■ EXERCISE DESCRIPTION:
From the data below, return only the lines from the one with "川崎和楽造 「干支龍」 赤楽茶碗(共箱)" through the one with "根據(jù)有關(guān)", exact and inclusive, with pictures left out.

■ GIVEN INFORMATION:
- Opening Delimiter -

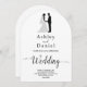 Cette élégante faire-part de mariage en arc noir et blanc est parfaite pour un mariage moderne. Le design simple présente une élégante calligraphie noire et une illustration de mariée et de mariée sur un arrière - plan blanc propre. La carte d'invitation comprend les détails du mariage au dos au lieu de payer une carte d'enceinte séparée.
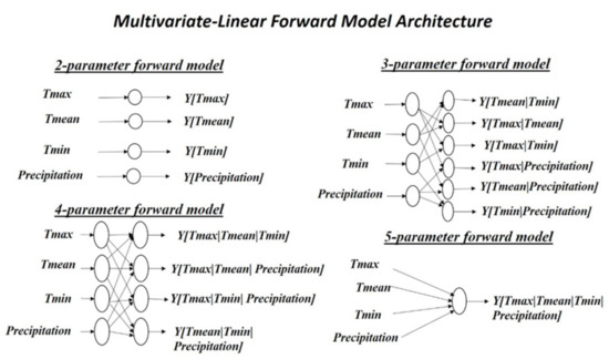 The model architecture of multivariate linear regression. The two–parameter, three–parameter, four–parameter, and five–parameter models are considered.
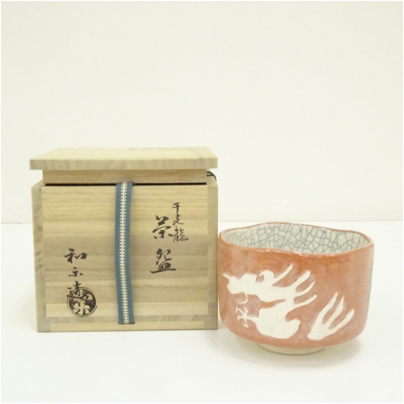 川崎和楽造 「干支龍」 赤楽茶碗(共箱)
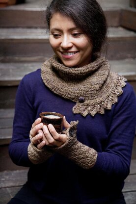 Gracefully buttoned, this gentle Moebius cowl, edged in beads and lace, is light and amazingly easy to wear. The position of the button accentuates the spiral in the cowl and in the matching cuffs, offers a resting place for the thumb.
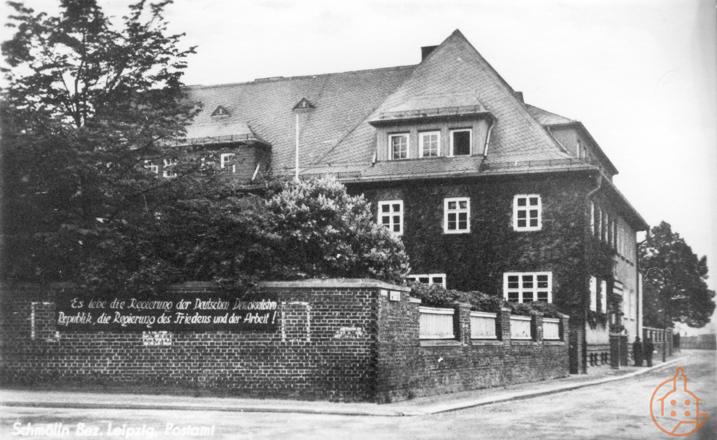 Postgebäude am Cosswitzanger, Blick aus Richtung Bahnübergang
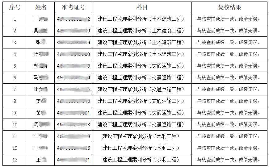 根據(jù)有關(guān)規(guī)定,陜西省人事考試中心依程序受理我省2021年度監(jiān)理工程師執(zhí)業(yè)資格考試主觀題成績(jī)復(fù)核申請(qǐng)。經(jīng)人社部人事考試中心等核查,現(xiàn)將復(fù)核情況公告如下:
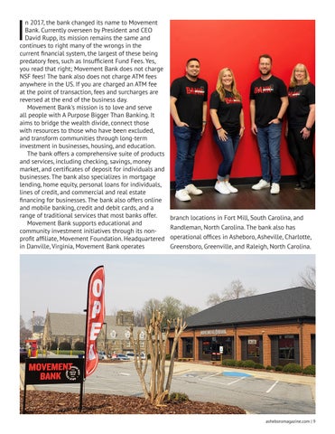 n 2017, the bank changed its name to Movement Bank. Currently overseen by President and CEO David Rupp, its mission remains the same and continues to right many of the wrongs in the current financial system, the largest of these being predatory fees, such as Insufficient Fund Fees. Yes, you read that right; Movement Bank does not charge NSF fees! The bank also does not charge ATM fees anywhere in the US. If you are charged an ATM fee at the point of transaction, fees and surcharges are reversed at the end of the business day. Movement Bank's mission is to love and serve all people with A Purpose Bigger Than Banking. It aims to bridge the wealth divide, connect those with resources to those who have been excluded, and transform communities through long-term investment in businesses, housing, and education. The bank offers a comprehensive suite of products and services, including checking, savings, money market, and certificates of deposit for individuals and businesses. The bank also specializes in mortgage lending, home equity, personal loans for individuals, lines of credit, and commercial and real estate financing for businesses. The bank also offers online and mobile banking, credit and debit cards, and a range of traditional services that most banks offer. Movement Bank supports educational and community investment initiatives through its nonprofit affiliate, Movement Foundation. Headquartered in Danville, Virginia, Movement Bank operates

- Closing Delimiter -
- Opening Delimiter -

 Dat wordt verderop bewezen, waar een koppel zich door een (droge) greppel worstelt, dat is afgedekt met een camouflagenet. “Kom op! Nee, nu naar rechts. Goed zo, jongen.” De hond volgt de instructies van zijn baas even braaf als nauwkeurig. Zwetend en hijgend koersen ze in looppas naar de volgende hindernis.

- Closing Delimiter -
- Opening Delimiter -

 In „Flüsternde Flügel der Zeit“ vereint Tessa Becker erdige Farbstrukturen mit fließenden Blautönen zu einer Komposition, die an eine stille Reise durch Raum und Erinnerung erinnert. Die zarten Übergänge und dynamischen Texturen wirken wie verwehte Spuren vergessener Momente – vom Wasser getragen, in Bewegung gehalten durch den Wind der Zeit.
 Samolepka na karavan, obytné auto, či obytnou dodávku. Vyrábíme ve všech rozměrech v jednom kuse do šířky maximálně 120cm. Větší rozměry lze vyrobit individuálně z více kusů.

- Closing Delimiter -

■ EXERCISE RESULT:
 川崎和楽造 「干支龍」 赤楽茶碗(共箱)
 Gracefully buttoned, this gentle Moebius cowl, edged in beads and lace, is light and amazingly easy to wear. The position of the button accentuates the spiral in the cowl and in the matching cuffs, offers a resting place for the thumb.
 Postgebäude am Cosswitzanger, Blick aus Richtung Bahnübergang
 根據(jù)有關(guān)規(guī)定,陜西省人事考試中心依程序受理我省2021年度監(jiān)理工程師執(zhí)業(yè)資格考試主觀題成績(jī)復(fù)核申請(qǐng)。經(jīng)人社部人事考試中心等核查,現(xiàn)將復(fù)核情況公告如下:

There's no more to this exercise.